Judge on Spot for Way He Treats Illegals

Beth Reinhard, Miami Herald, March 11, 2006

A Broward County judge on the shortlist for a promotion to Circuit Court has repeatedly asked traffic court defendants if they were here illegally, and in at least one case, turned over an illegal immigrant to law enforcement.

Several Hispanic attorneys and judges questioned whether Broward County Judge Lee Seidman broke rules governing courtroom procedure. And members of a judicial screening committee who put him on the shortlist said he misled them about his treatment of illegal immigrants.

Seidman denied any wrongdoing in a telephone interview on Friday.

In a March 24, 2003 hearing, Seidman reviewed the charges against Hilmer Morales: driving with a broken taillight and driving without a license.

“Have a seat,” Seidman told the 22-year-old man, after Morales acknowledged through a translator that he was here illegally from Peru. “You’re ordered not to leave until you’re checked in by the sheriff’s office for the immigration issue.”

Judges are supposed to notify all defendants that pleading not guilty or no contest could lead to their deportation if they are not U.S. citizens, according to the Florida Rules of Criminal Procedure.

But the rules also suggest that defendants should not be asked about their citizenship. That’s because the question could force them to incriminate themselves, in violation of the Fifth Amendment of the U.S. Constitution.

“You don’t ask those questions,” said Broward County Judge Robert W. Lee, a former president of the Broward Hispanic Bar Association. “The rule says no. The case law says no. Whether you like it or not, you’re supposed to be a neutral party, not law enforcement.”

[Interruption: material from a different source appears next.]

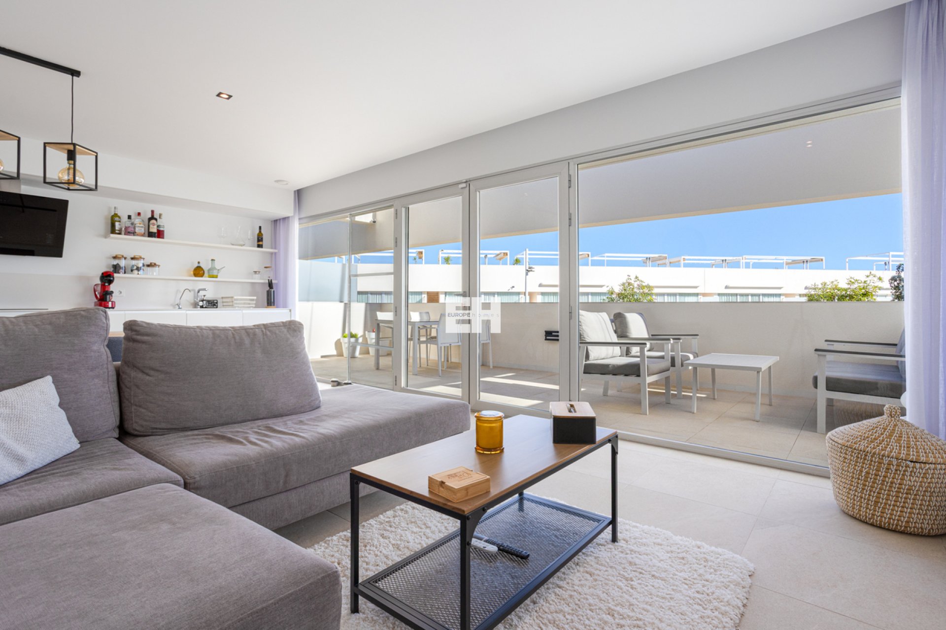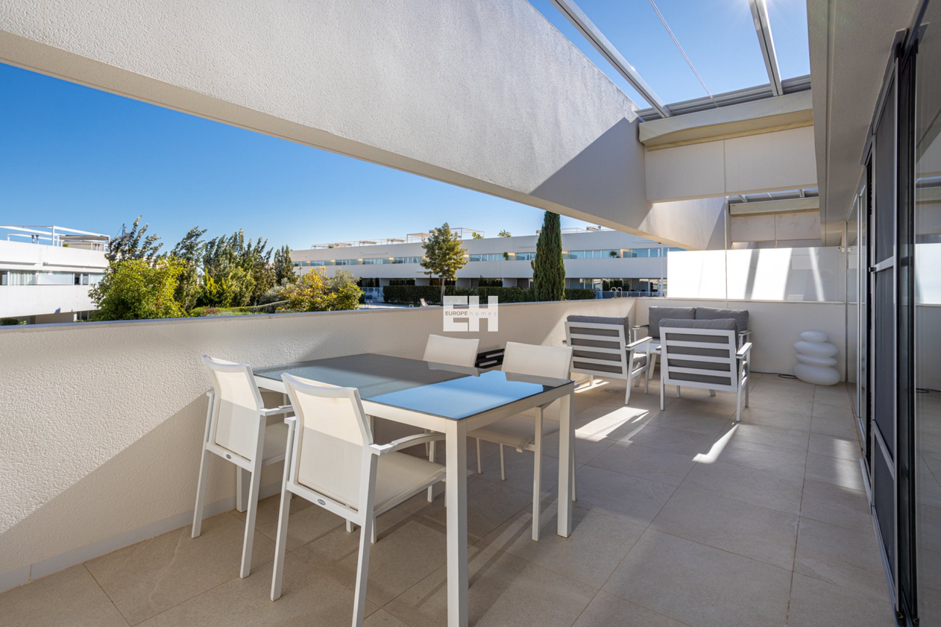 Apartamento moderno y amueblado con solárium único y vistas panorámicas a la laguna – Los BalconesEste elegante y listo para entrar a vivir apartamento en Los Balcones combina confort moderno con una excelente vida al aire libre. Con dos terrazas y un amplio solárium de 74 m² equipado con cocina exterior y pérgola, y un total de 188 m² de superficie útil, esta vivienda ofrece un estilo de vida mediterráneo inigualable. La urbanización, bellamente ajardinada y con una amplia piscina comunitaria, completa este atractivo conjunto.Vivir en Los BalconesLos Balcones (Torrevieja) es una zona muy apreciada por quienes buscan tranquilidad, comodidad y un entorno natural. La residencia se encuentra en un entorno verde con árboles maduros, senderos bien cuidados y una piscina acogedora. Desde el apartamento se disfruta de vistas panorámicas a la laguna salada de Torrevieja, uno de los paisajes más emblemáticos de la Costa Blanca.Distribución y confortSituado en la primera planta, el apartamento ofrece un interior moderno y completamente amueblado de 84 m², complementado por amplias terrazas y un generoso solárium en la azotea.Totalmente amueblado y decorado con buen gustoInterior moderno con acabados de alta calidad3 dormitorios con aire acondicionado2 bañosTerraza delantera de 21 m² y terraza trasera de 9 m²Solárium de 74 m² con cocina exterior, pérgola y vistas impresionantesSistema domótico para mayor confortAlarma, trastero y plaza de aparcamiento privadaLa vivienda se siente luminosa, aireada y refinada — ideal como segunda residencia, inversión para alquiler o vivienda permanente.Vida exterior y vistasEl solárium es, sin duda, el punto más destacado: un espacio perfecto para relajarse, cocinar, recibir invitados o simplemente disfrutar del sol a cualquier hora del día. La cocina exterior y la pérgola hacen de esta azotea un espacio muy práctico y versátil. Las terrazas delantera y trasera ofrecen zonas adicionales para disfrutar al aire libre.Las vistas a la laguna salada aportan una sensación de paz única y un espectacular juego de colores al amanecer y al atardecer.Ubicación y alrededoresEn las inmediaciones se encuentran supermercados, restaurantes, instalaciones deportivas y el hospital de Torrevieja. Las playas de Torrevieja y Orihuela Costa están a pocos minutos en coche, al igual que el popular centro comercial La Zenia Boulevard. Una ubicación tranquila, segura y muy práctica — ideal para familias, parejas o inversores.Detalles clave188 m² de superficie total84 m² de superficie interior74 m² de solárium con pérgola y cocina exterior21 m² de terraza delantera9 m² de terraza trasera3 dormitorios, 2 bañosAmueblado, domótica, aire acondicionado, alarmaPlaza de aparcamiento y trasteroGran piscina comunitariaVistas panorámicas a la laguna salada

Lee was one of several Hispanic attorneys and judges who raised questions about Seidman’s conduct after The Miami Herald informed them about the March 24, 2003 hearing. The Judicial Qualifications Commission, which examines allegations of judicial misconduct and recommends disciplinary action, should be notified, said Ramon Abadin, past president of the Cuban-American Bar Association and a member of the Florida Supreme Court Standing Committee on Fairness and Diversity.